Yes, it seems the NET_INC_STATS_BH() in tcp_transmit_skb() should really
be a NET_INC_STATS(), even if it currently doesn't matter, even on 32bit
arches.



--
To unsubscribe from this list: send the line "unsubscribe netdev" in
the body of a message to majordomo@vger.kernel.org
More majordomo info at  http://vger.kernel.org/majordomo-info.html
Hannes Frederic Sowa Feb. 19, 2014, 7:30 p.m. UTC | #7
On Wed, Feb 19, 2014 at 08:18:31PM +0100, Florian Westphal wrote:
> Hannes Frederic Sowa <hannes@stressinduktion.org> wrote:
> > On Wed, Feb 19, 2014 at 10:49:47AM -0800, Eric Dumazet wrote:
> > > On Wed, 2014-02-19 at 13:17 -0500, David Miller wrote:
> > > > From: Florian Westphal <fw@strlen.de>
> > > > Date: Mon, 17 Feb 2014 22:57:48 +0100
> > > > 
> > > > > Three counters are added:
> > > > > - one to track when we went from non-zero to zero window
> > > > > - one to track the reverse
> > > > > - one counter incremented when we want to announce zero window.
> > > > > 
> > > > > The latter is added because it can show cases where we want to close the
> > > > > window but can't because we would shrink window.
> > > > > 
> > > > > Suggested-by: Eric Dumazet <edumazet@google.com>
> > > > > Signed-off-by: Florian Westphal <fw@strlen.de>
> > > > > ---
> > > > >  Eric, is this what you had in mind?
> > > > > 
> > > > >  I re-ran my 'slow-sender-with-reader-that-does-not-drain-socket'
> > > > >  scenario and, as expected, only TCPWANTZEROWINDOW increases.
> > > > 
> > > > Eric, ping?
> > > 
> > > Thanks, I missed this patch. Let me think about it, thanks !
> > 
> > We need NET_INC_STATS instead of NET_INC_STATS_BH, no?
> 
> sure, I can send v2 but I'll wait for (n)ack from Eric first
> before considering it.
> 
> tcp_transmit_skb (caller of tcp_select_window) also uses _BH
> which is why it ended up in tcp_select_window.

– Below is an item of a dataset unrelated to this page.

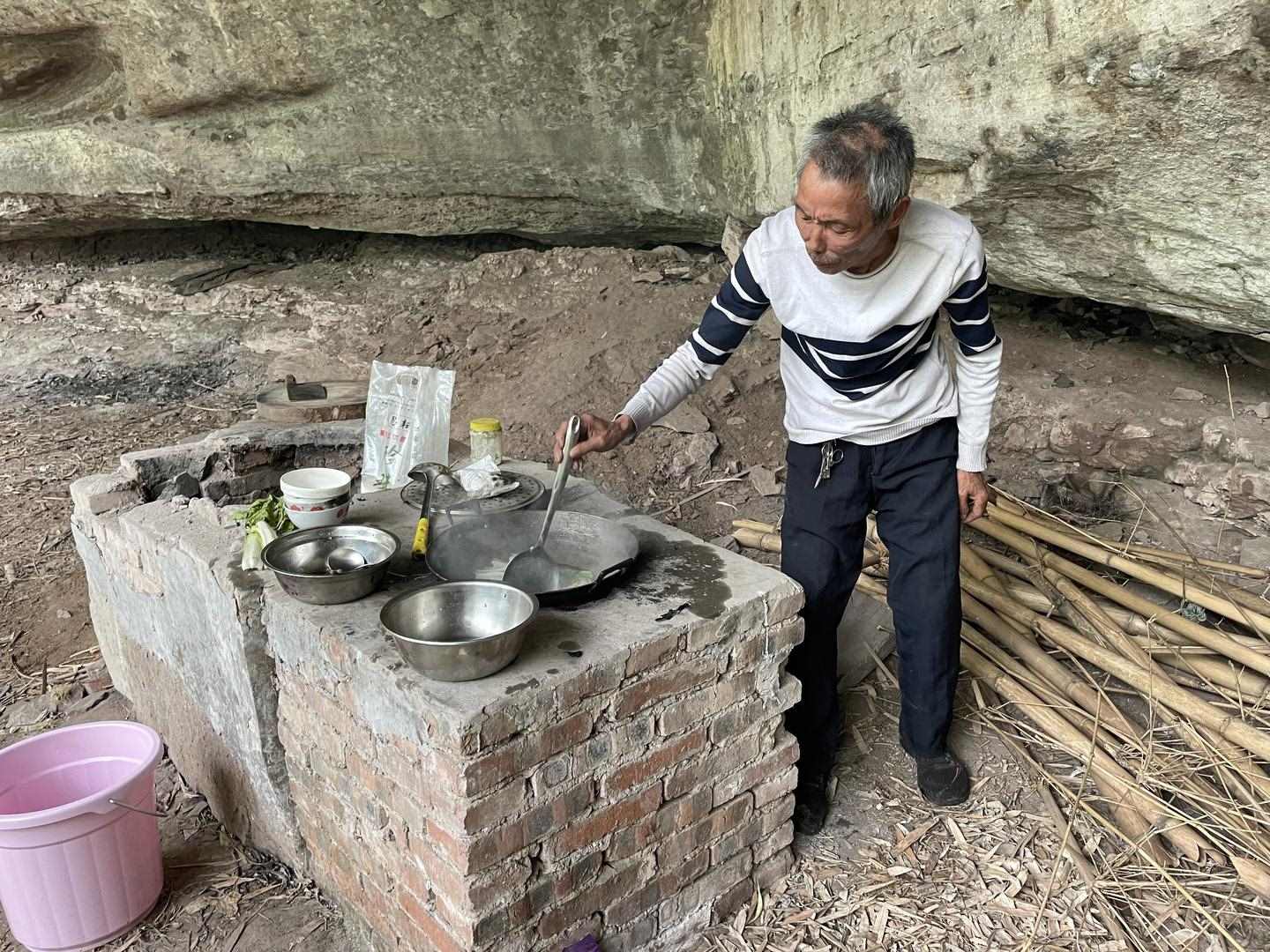 4月12日11時(shí)左右,紅星新聞?dòng)浾咴诋?dāng)?shù)卮迕駧ьI(lǐng)下探訪了馮必全居住的“大巖洞”。當(dāng)時(shí)馮必全已在洞里煮好稀飯,正在煮厚皮菜。紅星新聞?dòng)浾呖吹?,馮必全炒菜時(shí)沒(méi)有油,直接把煮熟的厚皮菜倒進(jìn)鍋里加鹽翻炒。他說(shuō)自己最近都這樣吃,因?yàn)闆](méi)錢買油。

NET_STATS only use 32 bit counter and thus need not be protected with a
seqlock on 32 bit platforms. As such, it does not matter, but e.g. the IP
counter are prone to deadlocks if used with wrong postfix because of 64 bit
counter thus protected by seqlock.

A pitty that the _STATS_BH postfixes have the opposite meaning of the bottom
_bh postfixes.

Basically always safe is _STATS and if we are sure we can omit the bh disable
call because we only call the function from bh, we can use _STATS_BH calls.

Greetings,

  Hannnes

--
To unsubscribe from this list: send the line "unsubscribe netdev" in
the body of a message to majordomo@vger.kernel.org
More majordomo info at  http://vger.kernel.org/majordomo-info.html
Hannes Frederic Sowa Feb. 19, 2014, 7:32 p.m. UTC | #8
Sorry...

On Wed, Feb 19, 2014 at 08:30:38PM +0100, Hannes Frederic Sowa wrote:
> NET_STATS only use 32 bit counter and thus need not be protected with a
> seqlock on 32 bit platforms. As such, it does not matter, but e.g. the IP
> counter are prone to deadlocks if used with wrong postfix because of 64 bit
> counter thus protected by seqlock.
> 
> A pitty that the _STATS_BH postfixes have the opposite meaning of the bottom

	s/bottom$/locking/

> _bh postfixes.
> 
> Basically always safe is _STATS and if we are sure we can omit the bh disable
> call because we only call the function from bh, we can use _STATS_BH calls.

Should read mails again before sending. ;)

--
To unsubscribe from this list: send the line "unsubscribe netdev" in
the body of a message to majordomo@vger.kernel.org
More majordomo info at  http://vger.kernel.org/majordomo-info.html
Eric Dumazet Feb. 19, 2014, 7:46 p.m. UTC | #9
On Wed, 2014-02-19 at 20:30 +0100, Hannes Frederic Sowa wrote:

> NET_STATS only use 32 bit counter and thus need not be protected with a
> seqlock on 32 bit platforms. As such, it does not matter, but e.g. the IP
> counter are prone to deadlocks if used with wrong postfix because of 64 bit
> counter thus protected by seqlock.
> 
> A pitty that the _STATS_BH postfixes have the opposite meaning of the bottom
> _bh postfixes.
> 
> Basically always safe is _STATS and if we are sure we can omit the bh disable
> call because we only call the function from bh, we can use _STATS_BH calls.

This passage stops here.